In making the call, the report argues that immigration policy “should not be used to prop up the finances of underperforming universities”.
It is the latest sign of backbench pressure on the prime minister to curb immigration ahead of the next general election, expected before January 2025.
But speaking at a press briefing in Westminster, the members of New Conservatives insisted they were not rebel Tory MPs and they support Mr Sunak as prime minister.
Mr Hunt said: "I don't see this as undermining the Prime Minister at all. I see it as a helpful contribution to the debate."
He said migration was one of the biggest topics on the doorsteps as he argued it was "disparaging" to label people "xenophobic" for being concerned about annual net migration levels being past the 500,000 mark.
Mr Hunt played down any suggestion that the report represented a challenge to the Prime Minister, telling BBC Radio 4’s Westminster Hour: “This is a constructive document. We’ve finally got back control of our immigration system.
“We’ve ended EU free movement. I think it’s healthy to have a level of debate within the parliamentary party about the future of our immigration policy and we’re fully supportive of the Prime Minister.”
He also rejected suggestions that some of the proposals, particularly related to the care sector, could undermine already short-staffed areas.

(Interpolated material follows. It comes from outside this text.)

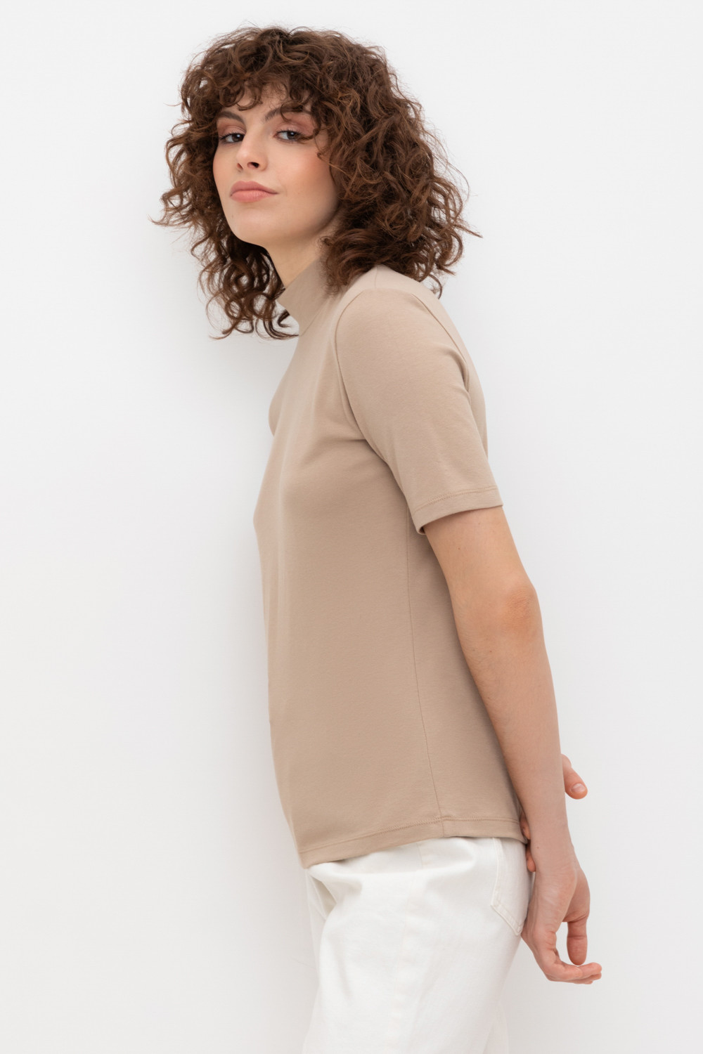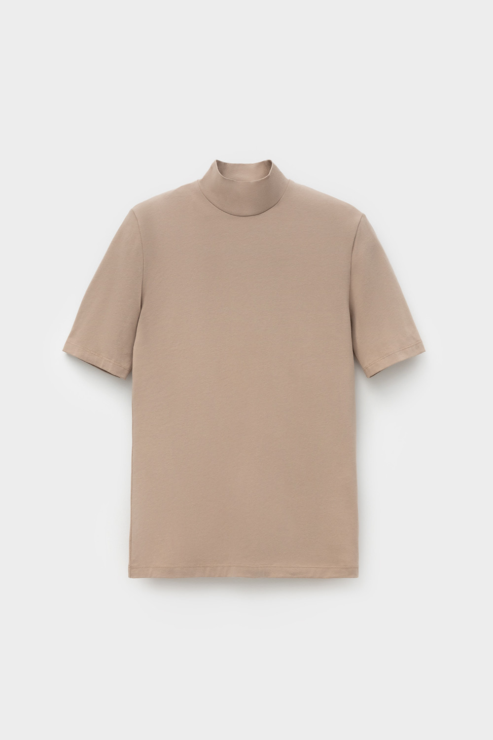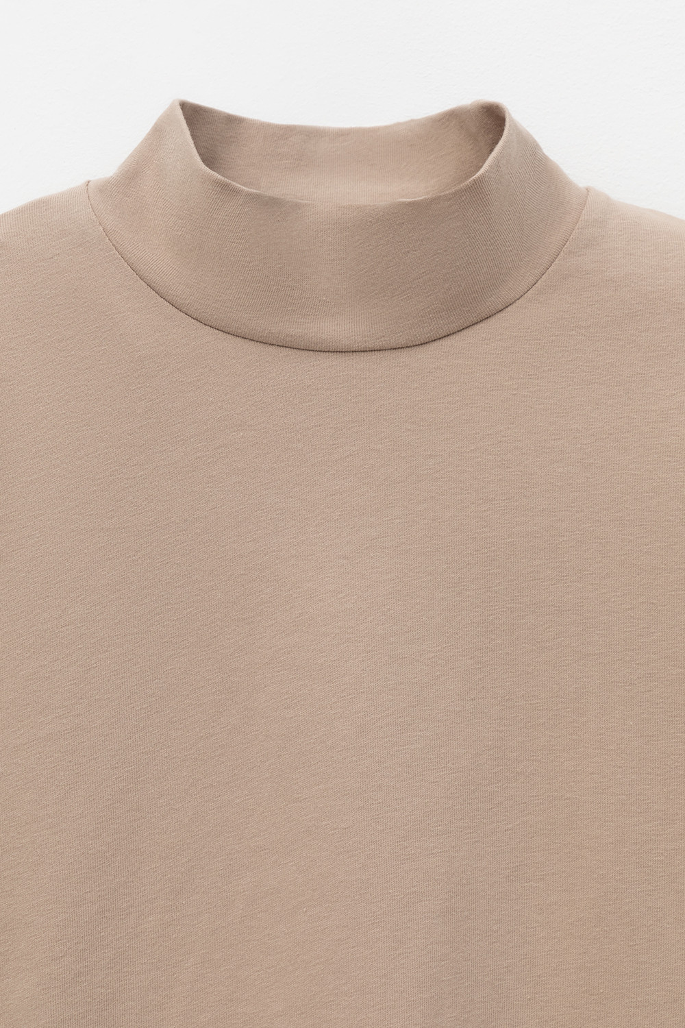 Базовый джемпер с короткими рукавами и воротником-стойкой из плотного однотонного трикотажа супрем с добавлением спандекса.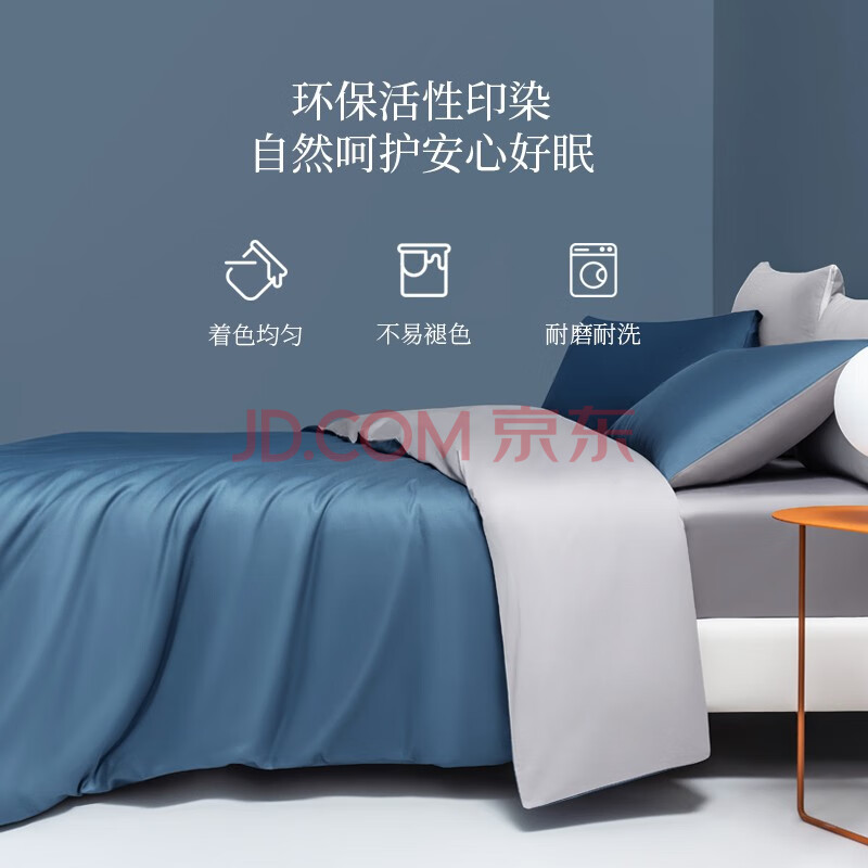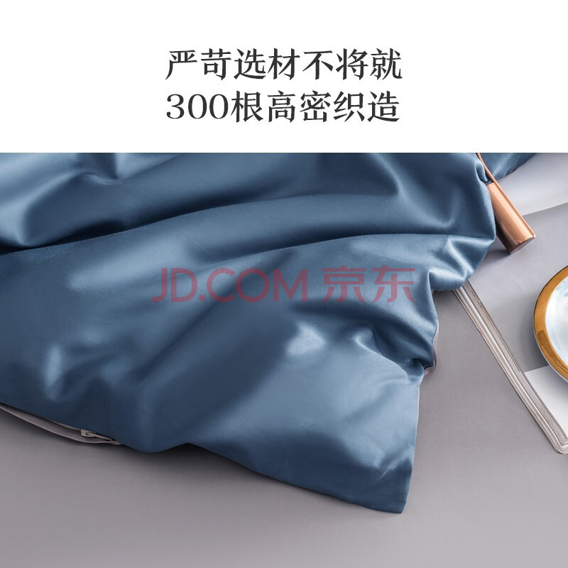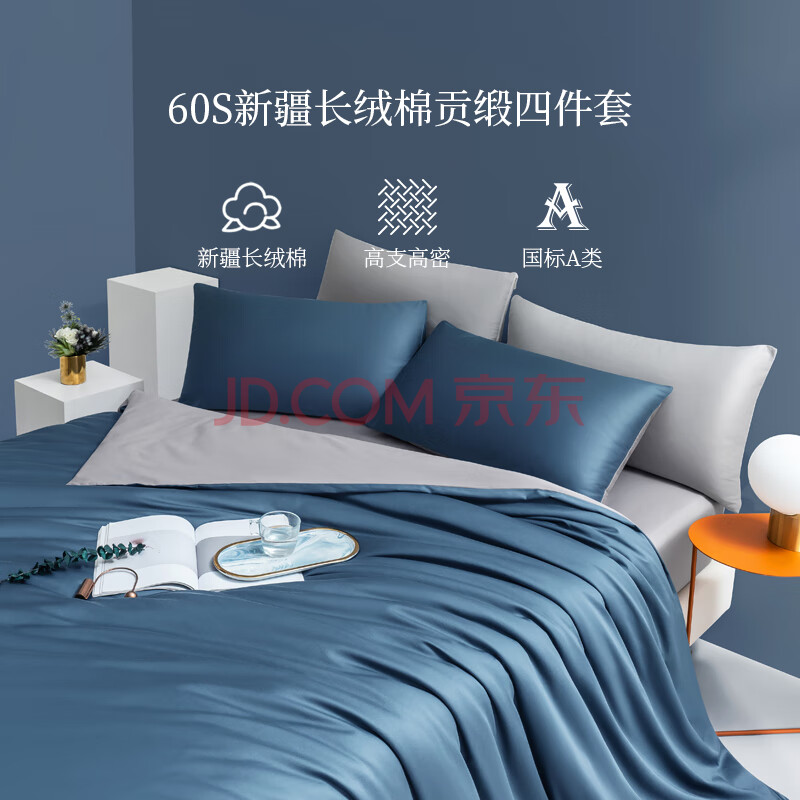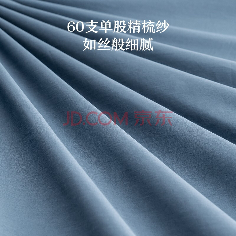 商品相册:京东京造 植素超柔贡缎 60支长绒棉A类纯棉床单床上四件套 1.5米床 灰蓝第

“We’ve got to move away from this addiction to cheap labour from abroad. We’ve got to invest in our own workforce,” he said.
Party colleague Tim Loughton gave the document a more mixed reception, telling the same programme he understood the frustrations and that “in the longer term, the principle is right”.
But he warned: “We have got a shortage of people in this country, particularly in the care industry, particularly in hospitality.
“It’s not as simple as just putting the salary thresholds up as well. There’s quite a lot of skilled but lower paid people that we need coming into this country.”